- [INFORMATION]:
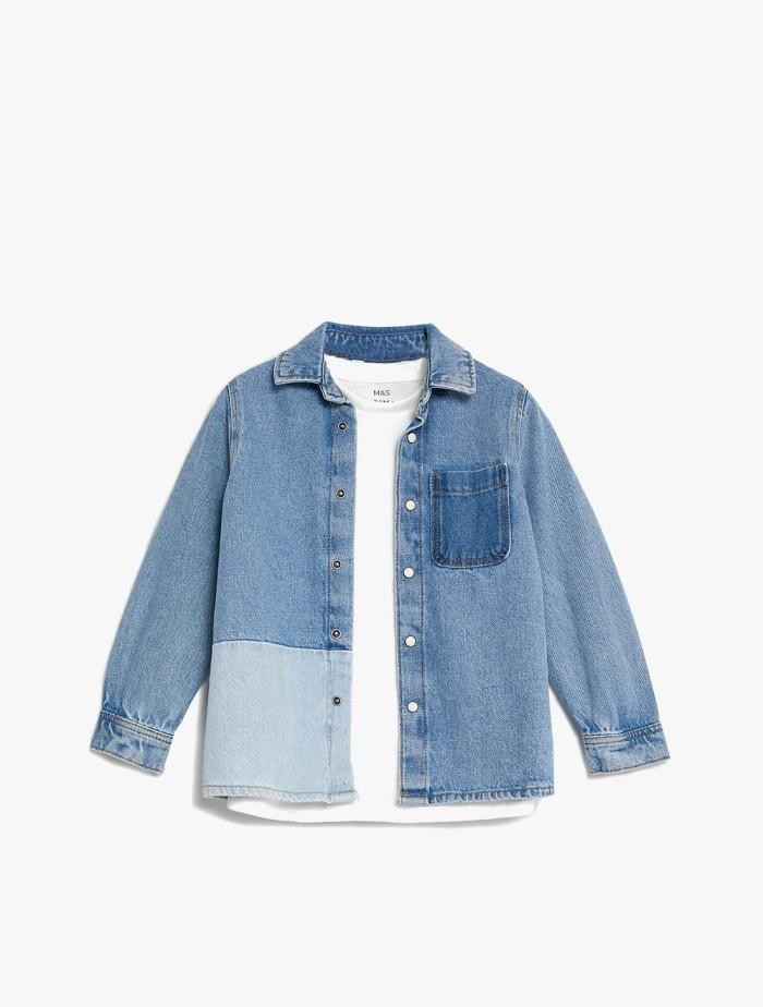 SPU : MSS4812D-T88 Details Regular fit Button fastening Collared neck Long sleeve Composition Denim shirt - 100% cotton (exclusive of trimmings), Tee shirt - 100% cotton , Knitted Ribbing - 98% cotton, 2% elastane Care Keep Away From Fire
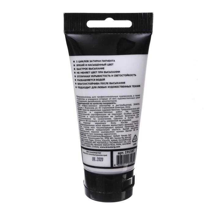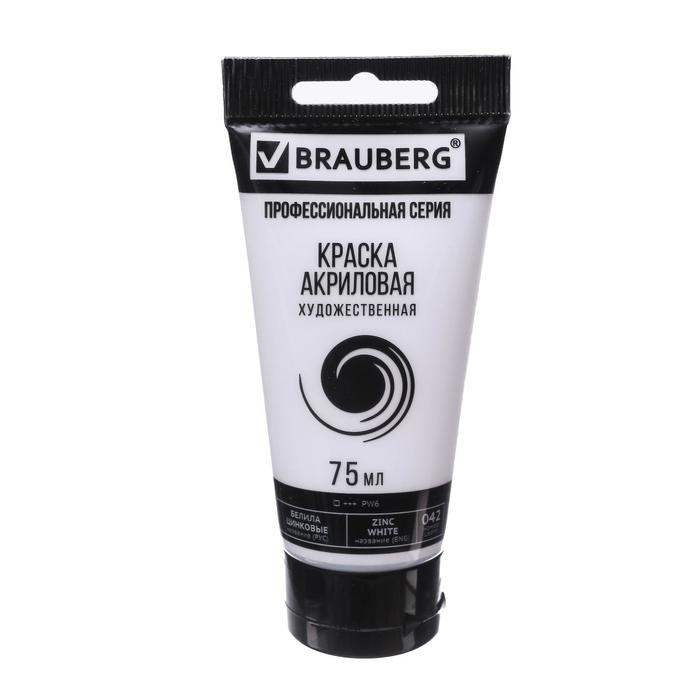 Краска акриловая художественная туба 75 мл, BRAUBERG белила цинковые
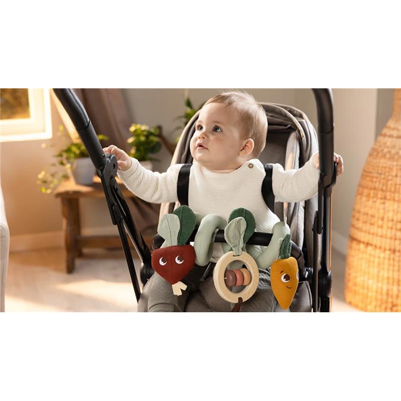 Experience the wooden textured rattle, filled with curious beads, textured leaves that tantalize the touch. Discover the fun beetroot with whimsical cotton ribbons, textured muslin, and cotton leaves. Or the corduroy carrot with cotton leaves that adds a dash of fun and playful textures. With a simple attachment, this spiral arch fits most strollers and prams, making it the perfect companion for little explorers.
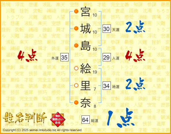 宮(10画)城(10画)島(10画) 絵(19画)里(7画)奈(8画)
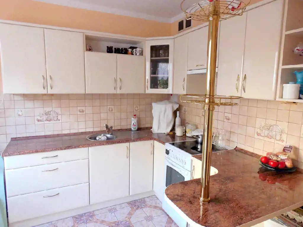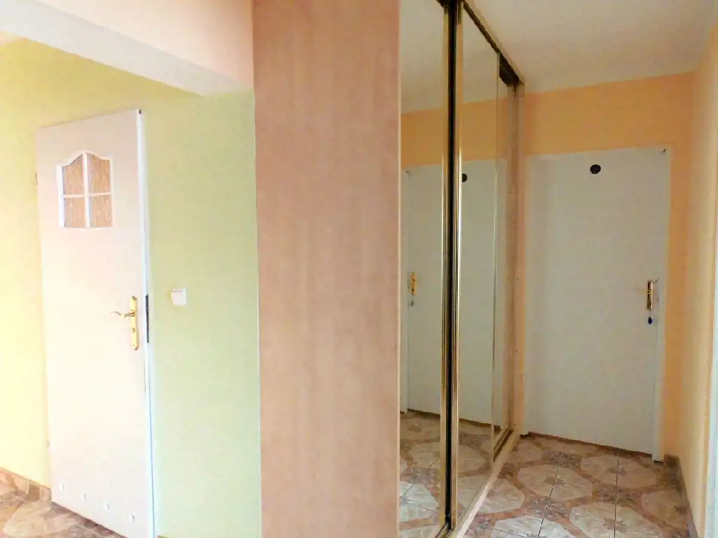 Mieszkanie ma praktyczny rozkładowy układ pomieszczeń. Na całkowitą powierzchnię składają się 3 oddzielne pokoje, jasna kuchnia z wyjściem na taras, łazienka razem z wc oraz przedpokój. Z salonu prowadzi wyjście na duży balkon od strony wschodniej. Mieszkanie nie wymaga dużych nakładów finansowych. Na podłogach położono panele oraz terakotę, na ścianach gładzie gipsowe i glazurę. W cenie mieszkania pozostaje zabudowa kuchenna oraz zabudowana trzy-drzwiowa szafa typu Komandor w przedpokoju.
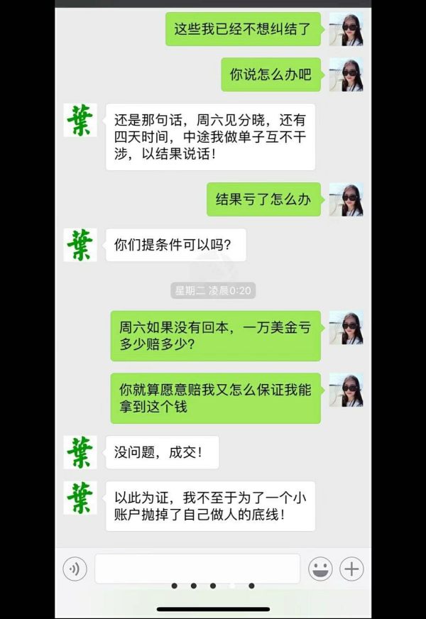 周二说的好好的,我帮忙打理账户,中途不得干涉账户,周六验收结果,差多少补多少;然而周四删了我三单镑美、镑日(2.5手高位的空单和2手低位的多单),损失3000刀左右,周五又动单子,纳斯达克空单不出也够一万多美金。谁违约在先?有图有真相,不必过多的解释!!
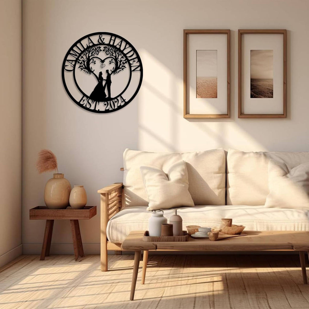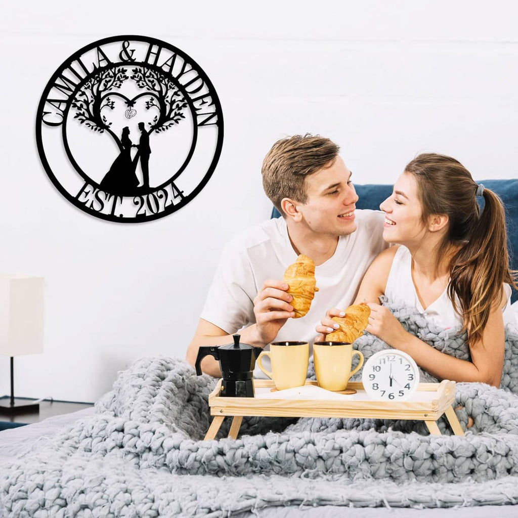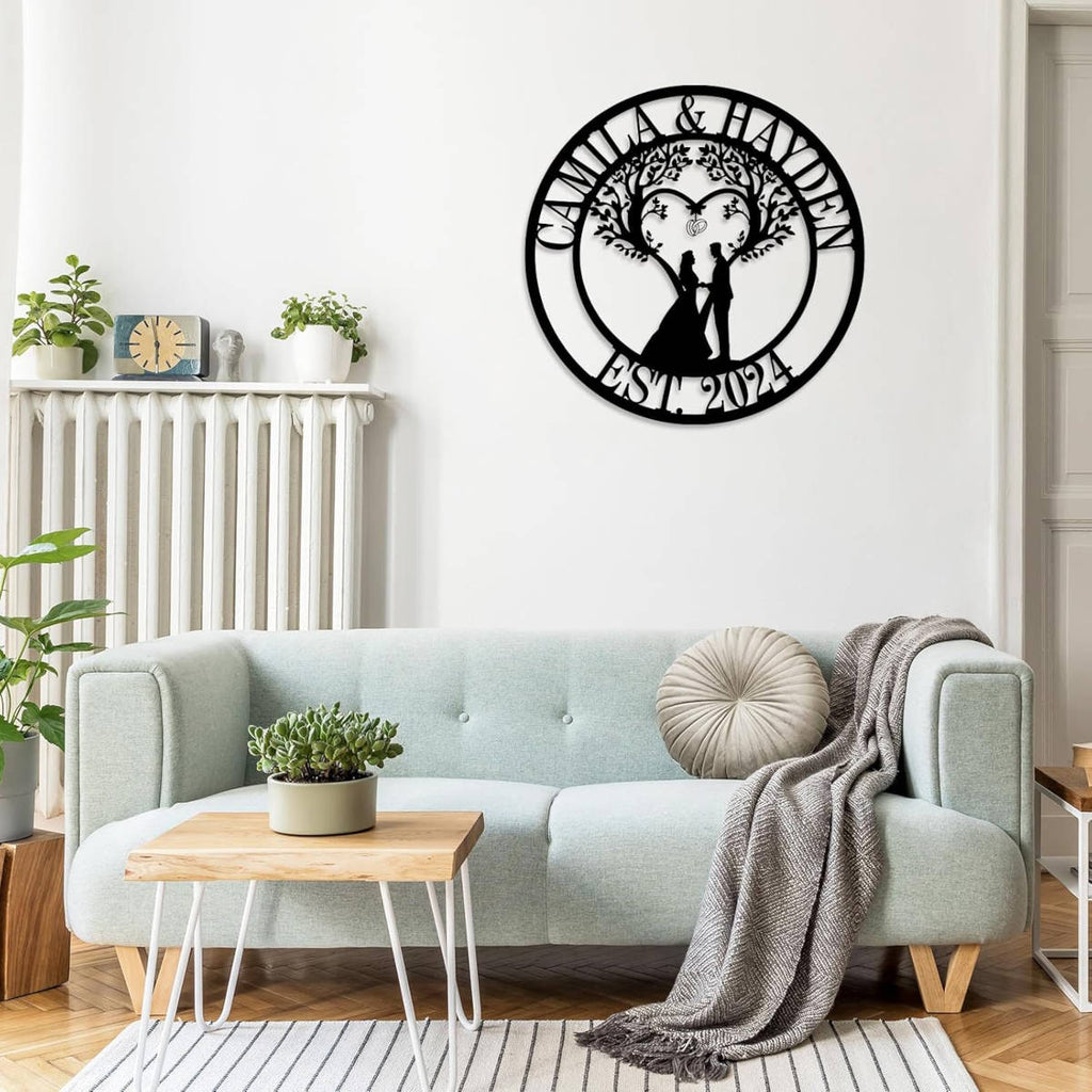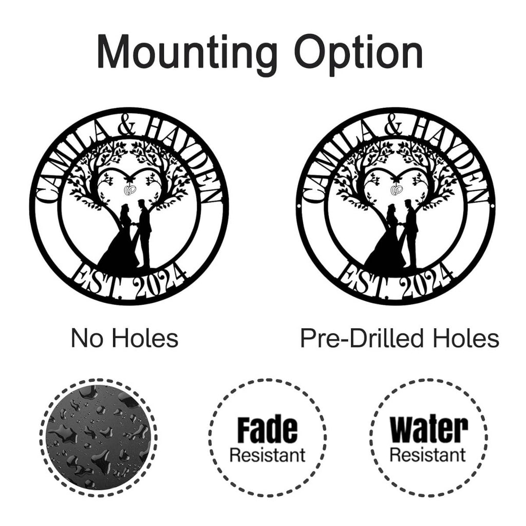 Celebrate the love and unity of a special couple with this beautifully crafted Wedding Couple Metal Sign. Made from sturdy 14-gauge steel, this custom decor piece is laser-cut with intricate details, featuring a romantic silhouette of a couple beneath two trees forming a heart shape. The intertwined wedding rings at the top symbolize eternal love, making this sign a perfect representation of a lifelong bond. Personalize it with the couple’s names and the year of their union to create a meaningful keepsake that will be cherished for years to come. Available in multiple sizes and colors, this sign can be customized to match any home decor or wedding theme. The powder-coated finish ensures durability, making it suitable for both indoor and outdoor display. With pre-drilled holes, it’s easy to mount on any wall or surface, making it a versatile addition to your home or as a unique gift for weddings, anniversaries, or other special occasions.
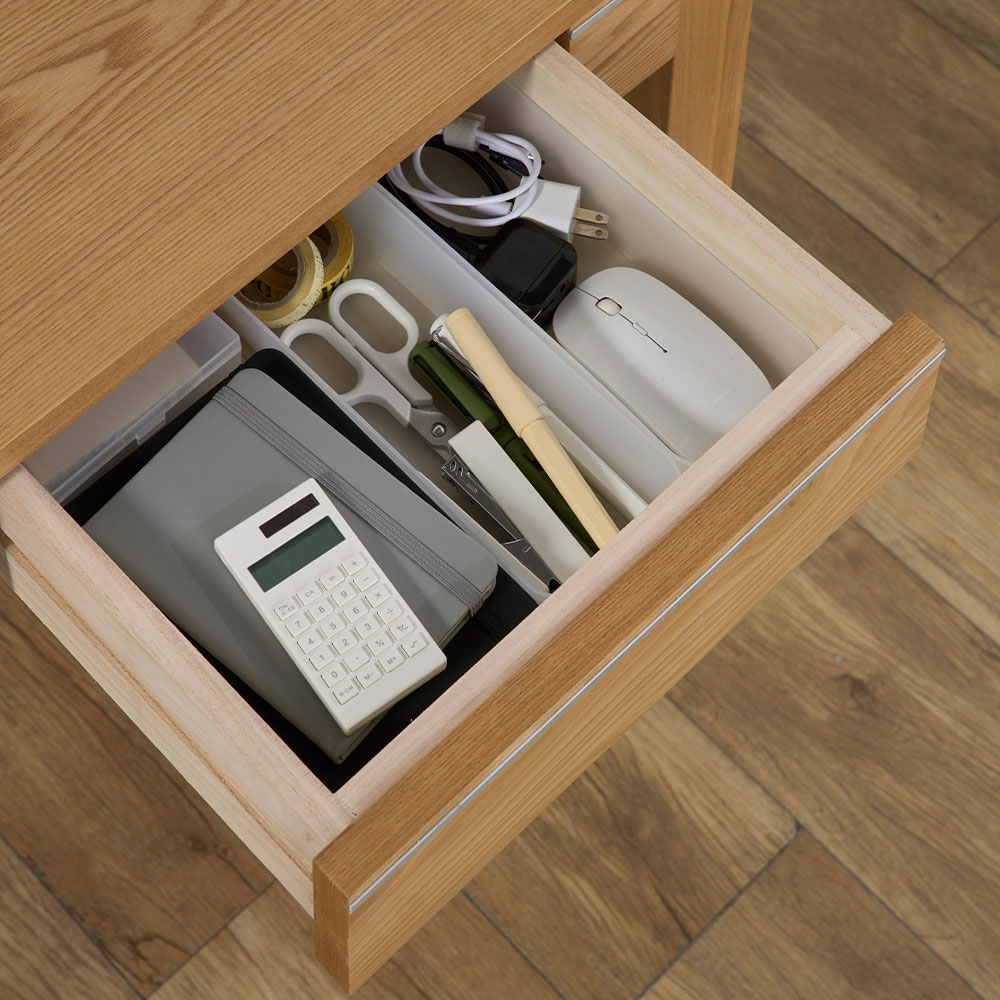 • 文具や充電器、PC周辺機器などを収納できる引き出し付き。

- [EXERCISE BRIEF]: Please repeat exactly the data above from its first line to the line that contains "Краска акриловая художественная", inclusive, and leave every picture out.

- [ANSWER]:
 SPU : MSS4812D-T88 Details Regular fit Button fastening Collared neck Long sleeve Composition Denim shirt - 100% cotton (exclusive of trimmings), Tee shirt - 100% cotton , Knitted Ribbing - 98% cotton, 2% elastane Care Keep Away From Fire
 Краска акриловая художественная туба 75 мл, BRAUBERG белила цинковые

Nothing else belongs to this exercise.